Development of a destabilized firefly luciferase enzyme for measurement of gene expression.

TLDR: A synthetic fragment was added to the firefly luciferase-coding sequence that encoded the proteolytic "PEST" signal from mouse ornithine decarboxylase that displayed a functional half-life of 0.84 h compared to 3.68 h for the wild-type enzyme.
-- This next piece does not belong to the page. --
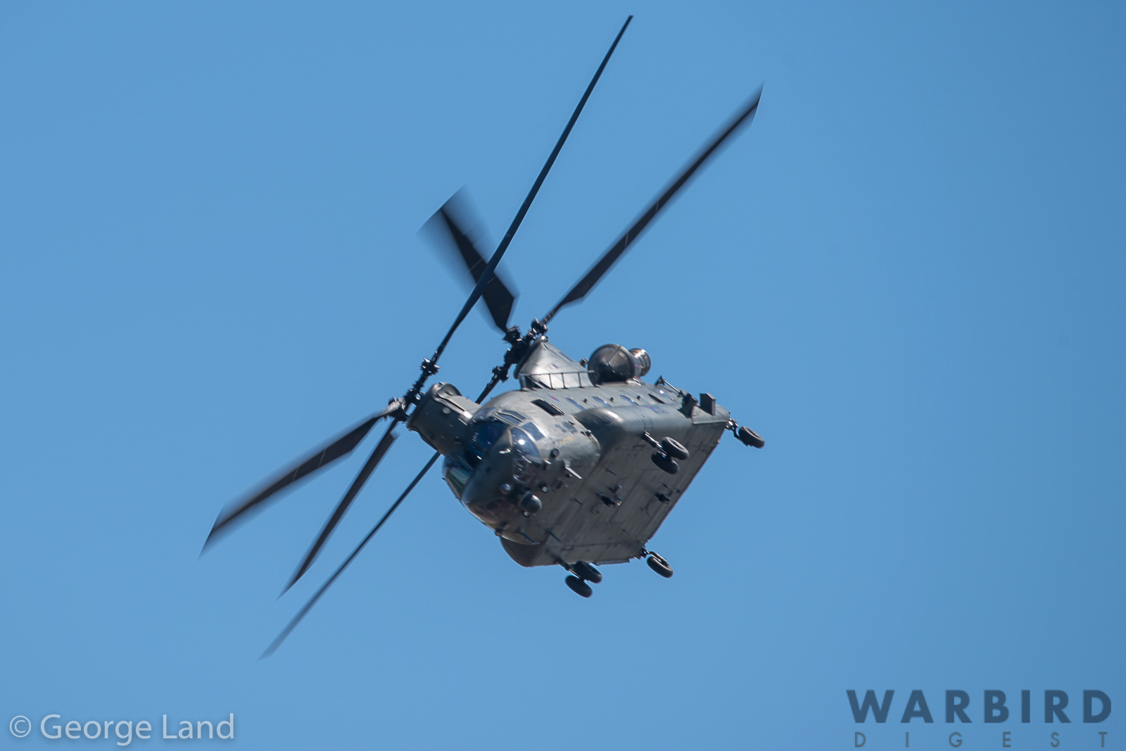 The action then switched to Britain’s Army Air Corp, with the appearance over the horizon of a WAH-64 Apache attack helicopter from the British Army’s No.3 Regiment at Wattisham Airfield (the former long-time home of both RAF and USAAF combat aircraft). Of course during this performance, there was a healthy dose of pyrotechnics to simulate for the public the ground support roll this impressive aircraft plays in wartime. Interestingly, the British Army rotary wing aircraft units only field light transport and attack helicopters, whereas the RAF handles the heavy lift requirements with their Chinooks, Pumas and Merlins.

Abstract: Firefly luciferase is used widely as a reporter enzyme for studies of gene regulation and expression. The recent development of new technologies that combine luciferase reporter technology and digital imaging microscopy has enabled multiple measurements of gene expression in the same living cell. Although this approach has already provided new insights about expression dynamics, its future utility is limited by the three- to four-hour half-life of firefly luciferase in mammalian cells. Because of this, rapid increases or decreases in gene expression may not be detected, owing to the accumulation of residual luciferase. Accordingly, the goal of the present study was to develop a luciferase reporter with a reduced functional half-life. This was accomplished by adding a synthetic fragment to the firefly luciferase-coding sequence that encoded the proteolytic "PEST" signal from mouse ornithine decarboxylase. When placed under the control of estrogen response elements and expressed in human breast cancer T-47D cells, the modified luciferase protein (LUCODC-DA) displayed a functional half-life of 0.84 h compared to 3.68 h for the wild-type enzyme. As anticipated, the overall rate of photonic emissions in cells expressing the destabilized luciferase was about sevenfold lower than that of their wild-type counterparts, presumably because of the reduction of steady-state luciferase accumulation. Even so, the photonic activity derived from LUCODC-DA was still sufficient to enable real-time measurements of gene expression in single living cells.